Active directions include promptable open-vocabulary methods, part-to-whole segmentation, video-level temporal consistency, and multimodal data fusion.

7. Trends, State-of-the-Art, and Future Directions

Instrument segmentation has transitioned from static, per-frame U-Net models through deep residual and instance-aware architectures to prompt-driven, transformer-based, and multimodal vision-language foundation models. Notable advances include:

Transformers and promptable models are now at the empirical frontier, with Mask2Former variants, MATIS, and LACOSTE achieving state-of-the-art segmentations in both semantic and instance-aware tracks, and hybrid prompt encoders (e.g. Collaborative Prompts in SP-SAM) nearly matching fully supervised baselines at a fraction of tuning cost (Ayobi et al., 2023, Yue et al., 2023, Wang et al., 2024).
Domain adaptation and unsupervised learning: Consistency-based, shape-focused, and semantic-diffusion methods have demonstrated competitive performance without labeled data, suggesting a viable path to annotation-light, domain-robust instrument perception (Sahu et al., 2020, Liu et al., 2020).
Referring and open-vocabulary segmentation: Vision-language approaches support interactive and language-driven workflows, promising greater flexibility and integration in surgical settings (Zhou et al., 2023, Yue et al., 2023, Yue et al., 2023, Wang et al., 2023).
Video and stereo context: Leveraging temporal and stereo cues, e.g. with disparity-guided feature fusion and set-classification transformers, has improved segmentation stability under challenging intraoperative conditions (Wang et al., 2024).

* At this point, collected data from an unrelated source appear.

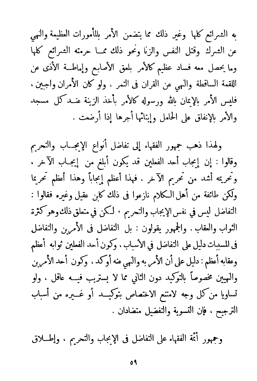 وَلِهَذَا ذَهَبَ جُمْهُورُ الْفُقَهَاءِ إلَى تَفَاضُلِ أَنْوَاعِ الْإِيجَابِ وَالتَّحْرِيمِ وَقَالُوا: إنَّ إيجَابَ أَحَدِ الْفِعْلَيْنِ قَدْ يَكُونُ أَبْلَغَ مِنْ إيجَابِ الْآخَرِ وَتَحْرِيمُهُ أَشَدُّ مِنْ تَحْرِيمِ الْآخَرِ فَهَذَا أَعْظَمُ إيجَابًا وَهَذَا أَعْظَمُ تَحْرِيمًا وَلَكِنْ طَائِفَةٌ مِنْ أَهْلِ الْكَلَامِ نَازَعُوا فِي ذَلِكَ كَابْنِ عَقِيلٍ وَغَيْرِهِ فَقَالُوا: التَّفَاضُلُ لَيْسَ فِي نَفْسِ الْإِيجَابِ وَالتَّحْرِيمِ لَكِنْ فِي مُتَعَلَّقِ ذَلِكَ وَهُوَ كَثْرَةُ الثَّوَابِ وَالْعِقَابِ. وَالْجُمْهُورُ يَقُولُونَ: بَلْ التَّفَاضُلُ فِي الْأَمْرَيْنِ وَالتَّفَاضُلُ فِي الْمُسَبِّبَاتِ دَلِيلٌ عَلَى التَّفَاضُلِ فِي الْأَسْبَابِ وَكَوْنُ أَحَدِ الْفِعْلَيْنِ ثَوَابُهُ أَعْظَمُ وَعِقَابُهُ أَعْظَمُ: دَلِيلٌ عَلَى أَنَّ الْأَمْرَ بِهِ وَالنَّهْيَ عَنْهُ أَوْكَدُ وَكَوْنُ أَحَدِ الْأَمْرَيْنِ وَالنَّهْيَيْنِ مَخْصُوصًا بِالتَّوْكِيدِ دُونَ الثَّانِي مِمَّا لَا يَسْتَرِيبُ فِيهِ عَاقِلٌ وَلَوْ تَسَاوَيَا مِنْ كُلِّ وَجْهٍ لَامْتَنَعَ الِاخْتِصَاصُ بِتَوْكِيدِ أَوْ غَيْرِهِ مِنْ أَسْبَابِ التَّرْجِيحِ فَإِنَّ التَّسْوِيَةَ وَالتَّفْضِيلَ مُتَضَادَّانِ. وَجُمْهُورُ أَئِمَّةِ الْفُقَهَاءِ عَلَى التَّفَاضُلِ فِي الْإِيجَابِ وَالتَّحْرِيمِ وَإِطْلَاقُ
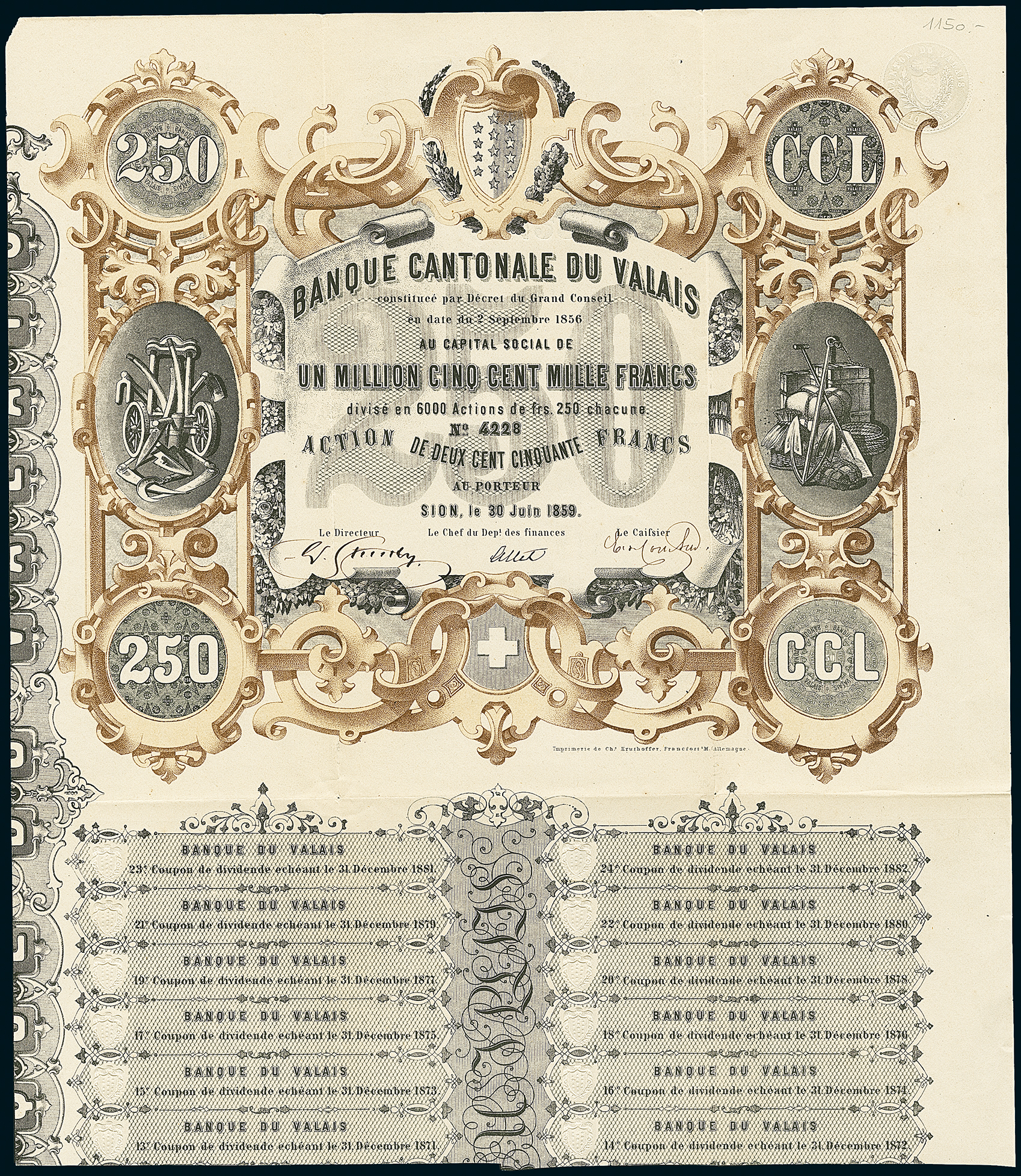 Capital 1,500,000 francs in shares of 250 francs.
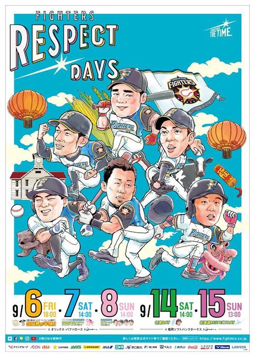北海道日本ハムファイターズでは、9月6日(金)から9月15日(日)まで札幌ドームホームゲーム5試合で開催する《RESPECT DAYS~秋の大感謝祭~》の特別企画として、人気イラストレーターの師岡とおる氏とのコラボレーションが実現いたしました。これまで有名アーティストやイベントのポスター、商品キャンペーンなど様々な分野のデザインを手掛けてきた師岡氏が、ファイターズの選手たちをイメージし、特別に描き下ろしたイラストをメインビジュアルとして採用。ポスターやグッズなどで展開してまいります。
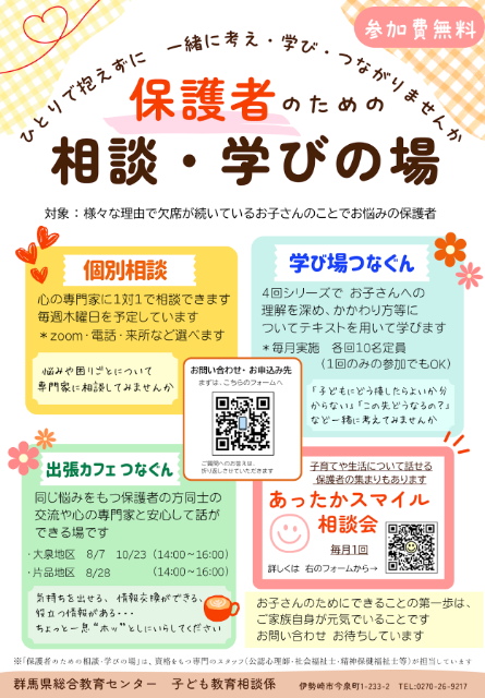 群馬県総合教育センター(伊勢崎市)では、さまざまな理由で欠席が続いている子どものことで悩んでいる保護者を対象に「保護者のための相談・学びの場」を設けている。参加費は無料で、公認心理師や社会福祉士など資格を持つ専門スタッフから助言を受けることもできる。
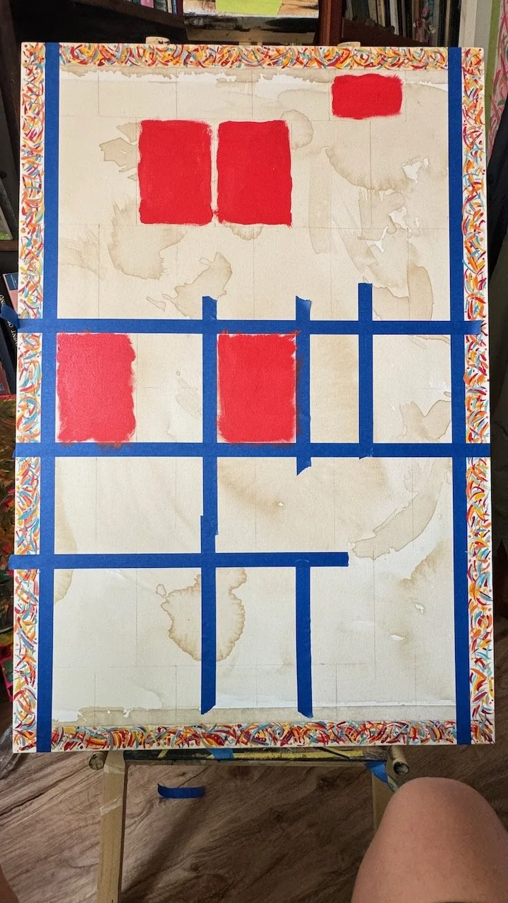 "Suerte" is inspired by the vibrant, weathered tiles of Mediterranean walls, with bold colors and textures that evoke time's passage. The piece features heavy cardstock tiles with moss, grass, and dirt emerging from them. At the center, a horseshoe symbolizes luck, while also representing a "good riddance" farewell, a phrase used in Colombia to bid goodbye to the past. Painted with meticulous brushstrokes, the work draws on the rich turquoise, red, and orange hues of the Mediterranean, marking a colorful end to what has been.
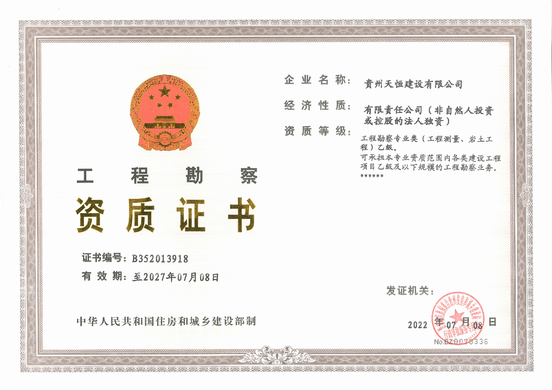 勘察資質B352013918:
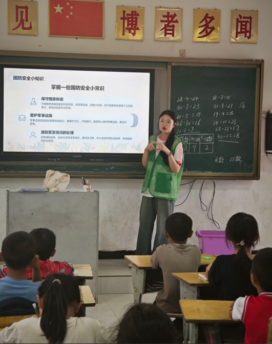 实践团主动对接九溪村小学,打造“国防教育 + 意识形态安全”融合课堂,将国家安全知识转化为生动鲜活的思政教材。队员们借助短视频、安全绘本等载体,通过情景模拟、互动问答等形式,向孩子们普及国家安全基本常识,阐释 “国家安则小家宁”的深刻内涵。课堂上,学生们积极参与、踊跃发言,纷纷表示立志成为 “国家安全小卫士”。此次活动不仅补齐了乡村小学系统性安全思政教育的短板,更将国家安全理念根植于青少年心中,为构建家校社协同的安全育人体系夯实基础。
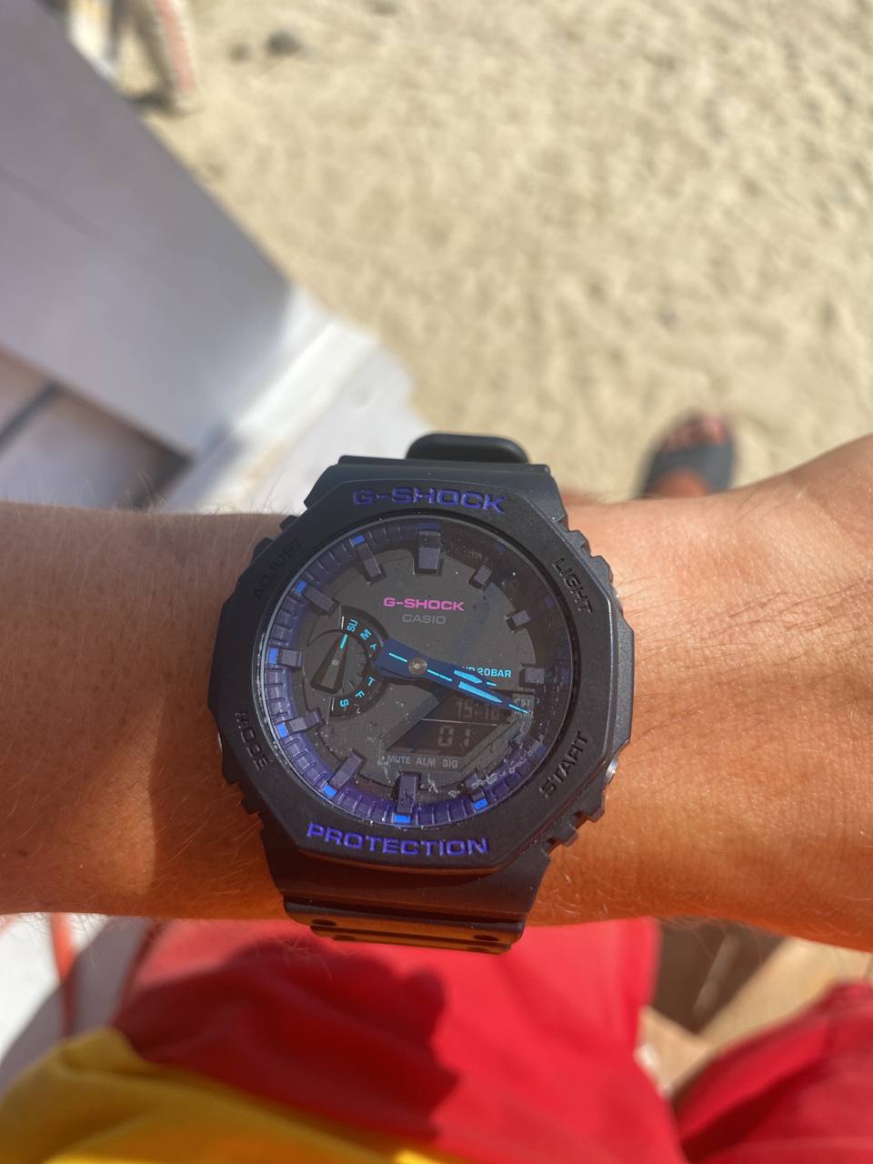 Японские мужские часы-хронографХронографФункция позволяет измерять отрезки времени с особой точностью: часы, минуты, секунды. Верным признаком хронографа является наличие на циферблате 3 дополнительных окошек-счётчиков. Casio G-Shock GA-2100VB-1A из коллекции G-Shock. Противоударный пластиковый корпус с карбоновыми волокнами более прочный и, в то же время, более легкий.  Минеральное стеклоМинеральное стеклоМинеральное стекло представляет собой искусственно выращенный минерал кварца. Такое стекло отличается особой устойчивостью к повреждениям и царапинам. Уступает по некоторым качествам сапфировому стеклу. устойчивое к появлению царапин, обладающее высокой прозрачностью. Ударопрочный корпусУдаропрочный корпусМеханизм заключён в корпус, выполненный из современных материалов, устойчивых к ударам, механическим повреждениям и падению с высоты: инновационный пластик, карбон, нержавеющая сталь, титан. защищает механизм от ударов и вибрации. Светодиодная подсветкаСветодиодная подсветкаСветодиодная или LED-подсветка обеспечивает появление яркого холодного свечения за счёт LED-элементов - маленьких лампочек. Они потребляют минимальное количество энергии, чаще всего можно встретить 1 светодиод, в нижней части циферблата. освещает весь циферблат. Мировое времяМировое время Полезное часовое усложнение, отображающее время в основных городах и известных областях по всему миру, оно связано с часовыми поясами, удобно для путешественников и бизнесменов. – 48 городов (29 часовых поясов). СекундомерСекундомерСекундоме́р — прибор, способный измерять интервалы времени с точностью до долей секунды. с точностью измерения 1/100 секунды и измерением до 23 часов 59 минут 59,99 cек. ТаймерТаймерОтсчитывает секунды в обратном направлении в заданном интервале времени. обратного отсчета (диапазон времени 24 часа), автоматический календарь, 12/24 отображение времени. 5 будильниковБудильникБуди́льник — часы, в заданный момент времени подающие звуковой, световой и/или в редких случаях другой сигнал., один с функцией Snooze, ежечасный сигнал.  Класс водозащиты: 200 метров, позволит плавать, нырять и заниматься другими водными видами спорта. Ремешок из полимерного материала на стандартной застежке.
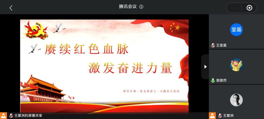 为推动党纪学习教育走深走实,进一步增强党员的党性修养和纪律意识,弘扬党的优良传统和作风,增强党员的凝聚力和战斗力,6月30日下午,beats365研究生第一党支部组织开展了以“赓续红色血脉 激发奋进力量”为主题的党日活动。本次活动由支部书记王繁洲主持,支部全体党员、预备党员参加。
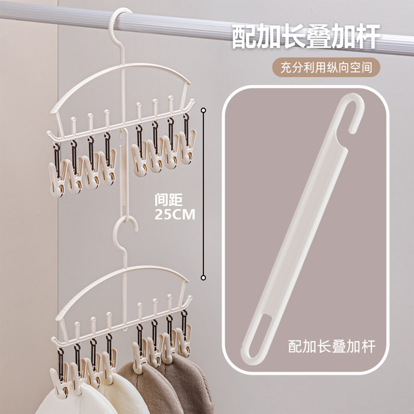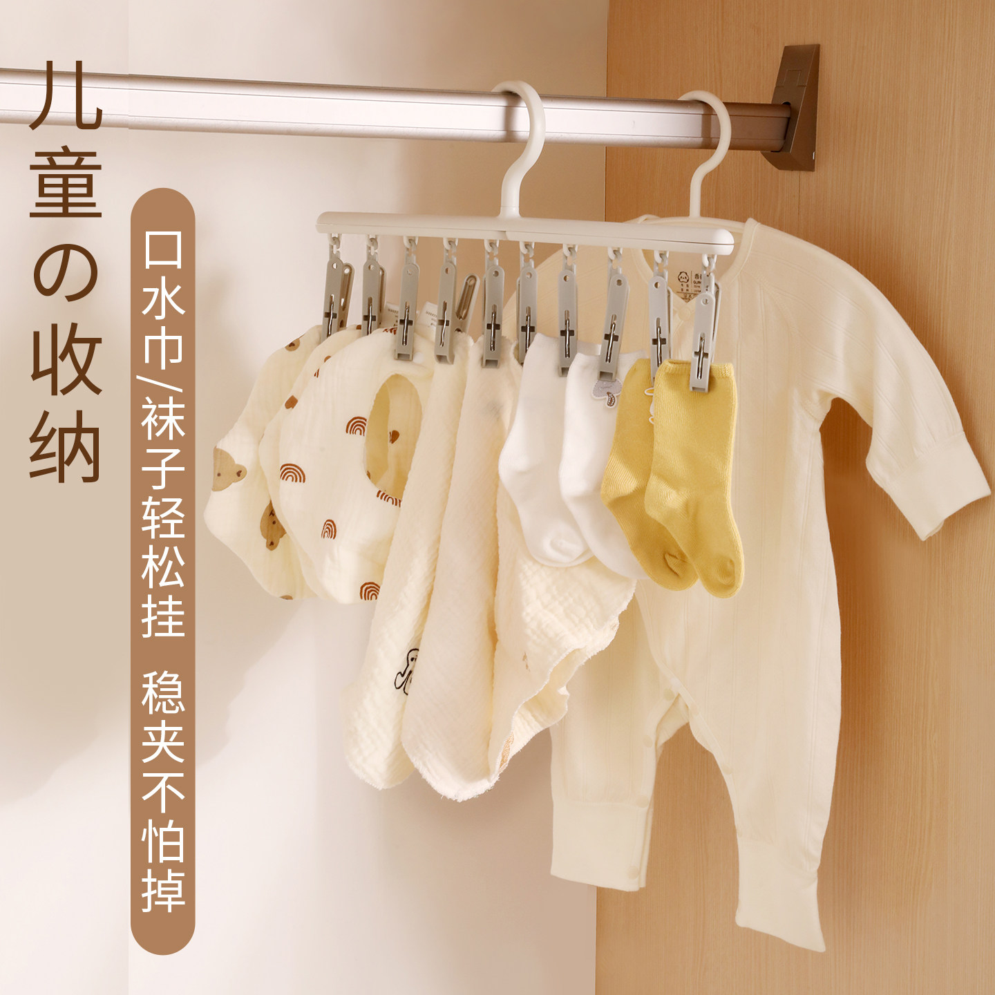 特粗晾袜子衣架多夹子防风家用不锈钢晾衣夹多功能挂钩晒袜子神器

Persistent research challenges include robust small-part and multi-instance separation, label-efficient adaptation to new domains and tools, and real-time deployment in complex, dynamic clinical environments. Ongoing developments in foundation model fine-tuning, multimodal fusion, and part-aware architectures are driving the field toward higher utility, generalizability, and clinical readiness.